There may have been a little jumping up and down, and a very enthusiastic trophy dance in the truck on the way back to the barn. (The trophy, incidentally, is actually two trophies; the names of each year’s winners are engraved on it, so when the massive silver platter started in the 60s ran out of room, they added a big silver bowl to the mix. My shelf has never been shinier.)

I haven’t ridden since. Mr. Poe was very happy and enthusiastic about both hunt outings — along with the trail riding, hacking in the back field, dressage work, jumping — pretty much everything I did with him — but he was also starting to show some signs of stress, impatience in the cross-ties, pitching fits whose cause I couldn’t calculate. So, I decided to chuck him out in the field for a week or two at least, longer if he needs, let him decompress. I threw myself into a Halloween costume project which has blown through my entire apartment in a whirlwind of fabric bits and old unfiled papers. When I’m not sewing the insurmountable mess makes me want to climb the walls, so mostly I sew.

Except tonight. Tonight I’m exhausted, and should be sleeping — should have been sleeping hours ago — but I can’t quite bring myself to close my eyes. The days all feel like they’re spinning away too quickly. This need to sleep now, here, seems unfair when there is so much to do, so much more pressing in. I want nothing more than to go plug in the glue gun. Instead, I think a cup of tea and then to bed.

October 6th, 2010

» shiver

I know better than to read scary books. I know better — and yet.

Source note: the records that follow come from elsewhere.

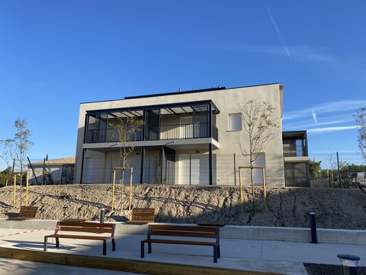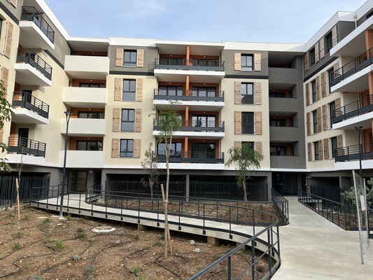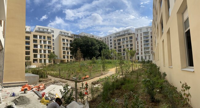 593 logements dont : 172 logements étudiants, 57 logements résidence service séniors, 157 logements sociaux (dont 53 en VEFA pour SNI), 207 logements en accession libre. Label NF HABITAT Livraison juin 2022.
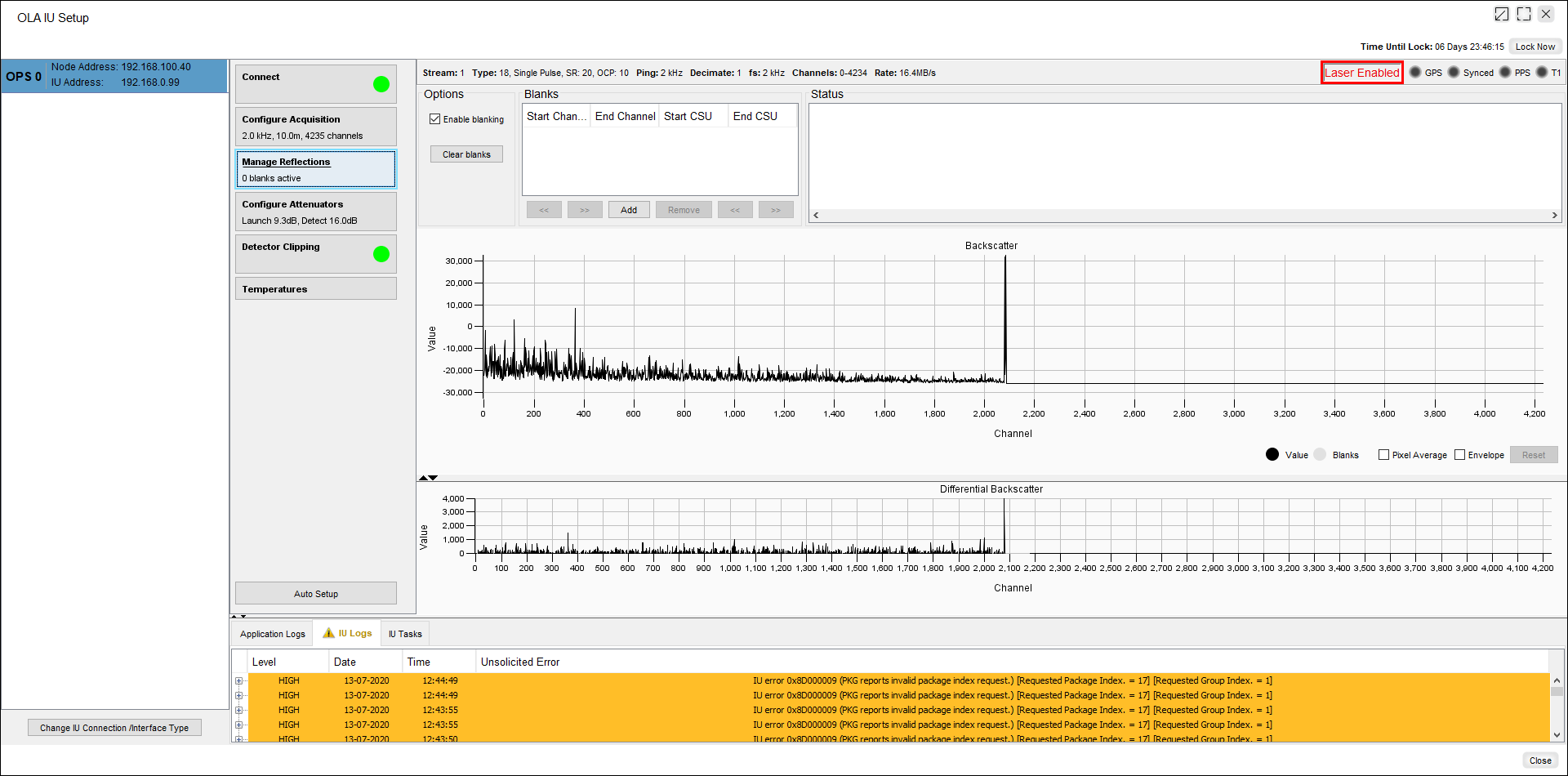 Once checked, the IU data stream will drop out for several seconds whilst the fibre assurance stream is set up. After this point, the processing will automatically generate an alert should a loss of signal be detected anywhere along the fibre route. Once a fibre break has been detected the fibre assurance stream will need to be re-enabled once remedial works have taken place.
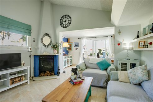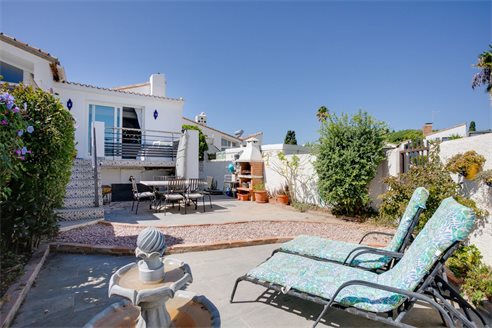 You then walk up about 6 stairs into the kitchen which is open plan to the living and dining. The living room has a nice wood burner for the colder months. From the dining area you walk out onto the terrace with sea views and then down into the spacious garden. The garden has a little gate taking you straight out across the green onto the paseo and then to the beach. The property also has an under build which can be extended with access from inside the house to create 1 or 2 further bedrooms and bathroom.
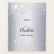 A faux silver metallic looking background decorated with faux glitter dust. Personalise and add your first name, monogram initials, full name and a year.
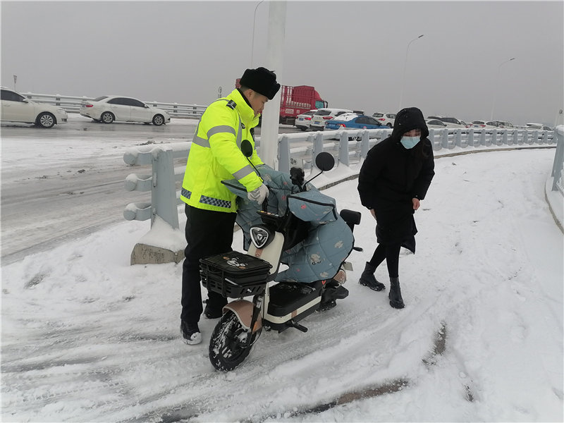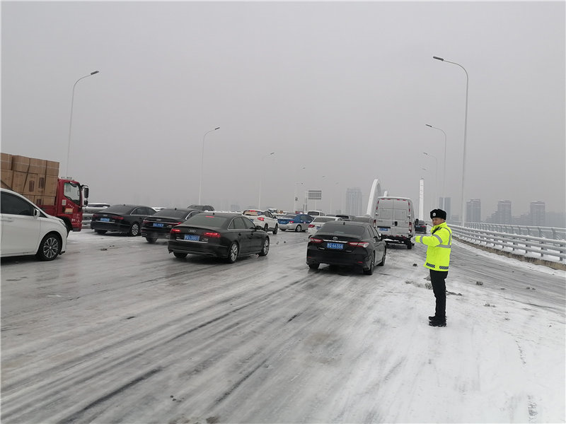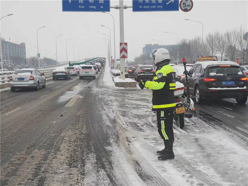 1月16日,我市普降大雪,大雪给路面增添了几分姿色,同时也给群众出行带来诸多不便,因道路出现不同程度积雪、路面较为湿滑,给行车带来极大的安全隐患,为最大限度预防和减少交通事故发生,确保群众出行安全,河东交警大队以雪为令,快速反应,立即启动恶劣天气应急预案,最大限度屯警路面,用实际行动为群众出行保驾护航。
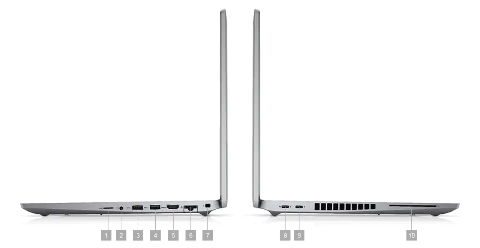 1. Czytnik kart pamięci microSD 4.0 | 2. Gniazdo zestawu słuchawkowego | 3. USB 3.2 z funkcją PowerShare | 4. USB 3.2 | 5. HDMI 2.0 | 6. RJ45 | 7. Gniazdo linki zabezpieczającej Wedge Lock | 8. Port Thunderbolt™ 4 z obsługą standardu Power Delivery i DisplayPort (USB Type-C™) | 9. Port Thunderbolt™ 4 z obsługą standardu Power Delivery i DisplayPort (USB Type-C™) | 10. Czytnik kart Smart Card (opcjonalnie) | 11. Zewnętrzne gniazdo karty eSIM (opcjonalnie, brak na ilustracji z tyłu)

Last night I dreamt an old hotel, an elevator with dull silver doors on either side, one opening to the lobby and the other to the basement, dank and dripping. The elevator was broken but the doors could be pried open, and going between them I got turned around, forgot which was which, and found myself in an endless tunnel of elevators, opening each door onto another identical elevator, stepping through, opening another door — thinking if I only opened enough doors I would certainly come out somewhere.

Later, a car ride through dark, rain-slick streets; we are stopped for speeding. The stranger next to me hops out of the car before the police officer can approach; I am dismayed, calling for him not to. The officer steps into view, pistol drawn, and tells me to remove all of the guy’s weapons. I reach into his pockets, his jacket, his boots: a revolver, a long hunting knife, a grenade the size of a plum, a canister of white powder. We are all in custody when the woman with us starts screaming, sobbing, that there is a ghost inside her, that it’s hurting her. I peel back the bandaid on her index finger; beneath it is a deep puncture wound from which a long, shining needle emerges.

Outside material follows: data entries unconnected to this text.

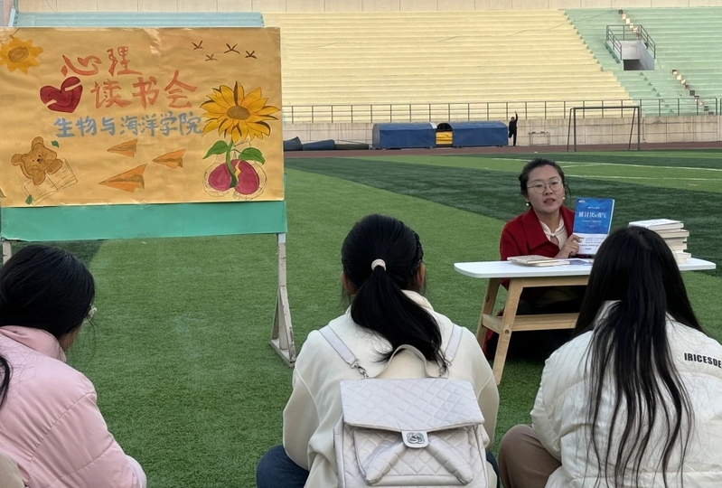 为满足学生日益增长的心理健康需求,更好预防和应对大学生心理健康问题,提供心理健康资源和服务,生物与海洋学院于11月24日下午在操场举办心理读书会活动。活动由心理驿站站长戴玉镯主持,24级学生积极参加。
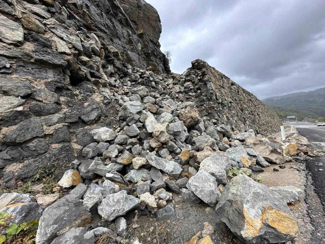 Zonguldak’ta etkili olan aşırı yağışlar, Ankara kara yolu üzerindeki bir istinat duvarının bir bölümünün yıkılmasına neden oldu. Yıkılan duvar, yolun kenarında tehlike oluşturmasına rağmen, yol trafiğe kapanmadı. Sürücüler, özellikle bu bölgeden geçerken dikkatli olmaları konusunda uyarıldı.
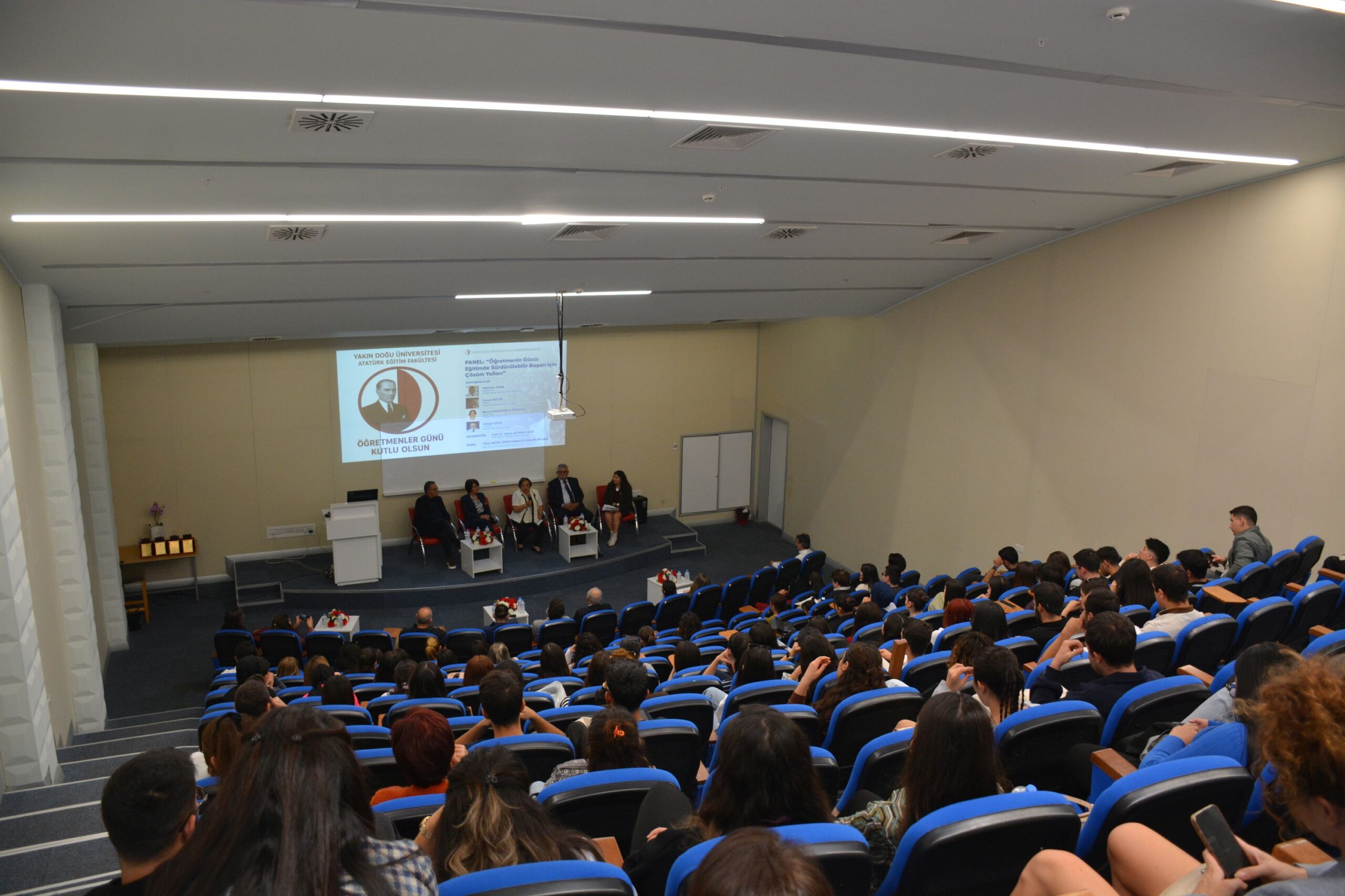 İstiklal Marşı ve saygı duruşu ile başlayan “Öğretmenin Gücü: Eğitimde Sürdürülebilir Başarı için Çözüm Yolları” paneli, Yakın Doğu Üniversitesi Rektör Yardımcısı Prof. Dr. Mustafa Kurt ve Girne Üniversitesi Rektör Yardımcısı Prof. Dr. Gökmen Dağlı, birçok fakültenin dekanı, akademisyenler ve öğrencilerin yoğun katılımıyla gerçekleştirildi. Yakın Doğu Üniversitesi Müzik Öğretmenliği Ana Bilim Dalı Korosu’nun, Şef Doç. Dr. Emine Kıvanç Öztuğ yönetimindeki dinletisiyle başlayan etkinliğin Moderatörlüğünü Atatürk Eğitim Fakültesi Eğitim Bilimleri Bölüm Başkanı Prof. Dr. Zehra Altınay Gazi üstlendi. Panelde, Milli Eğitim Bakanlığı Emekli Daire Müdürü Cengiz Uzun, Emekli Denetmeni Berna Yılmazoğlu Özdoğa, Özgürlük İlkokulu Emekli Müdürü Duran Öztuğ ve Emekli Devlet ve Özel Okul Öğretmeni Mehmet Temel konuşmacı olarak yer aldı. Panelin açılış konuşmasını ise Atatürk Eğitim Fakültesi Dekanı Prof. D. Umut Akçıl gerçekleştirdi.
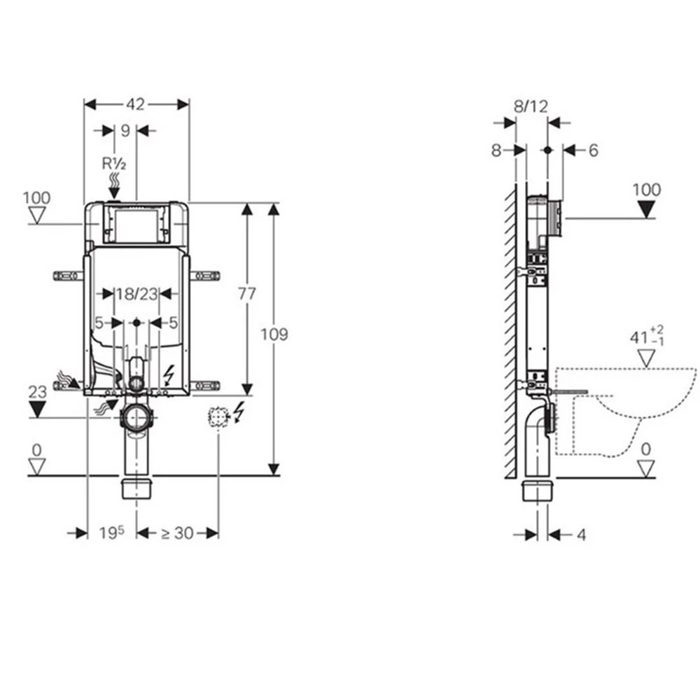 Καζανάκι εντοιχισμού (8 cm – Μονό τούβλο) GEBERIT SIGMA LINE 110.794.00.1 (Αντικαθιστά τους κωδικούς: 110.772.001 / 110.150.001)

Yesterday, on a whim, I bought Let the Right One In (or Let Me In), by John Ajvide Lindqvist. I’ve seen the movies mentioned a lot recently; I had no idea what they were, hadn’t seen any ads for them, but read part of a synopsis from Cleolinda the other day — just enough to spoil myself a bit. Anyway, so far it’s riveting and obviously creeping me out. Twilight fans (and non-fans for that matter), this is a whoooole different take. Check it out.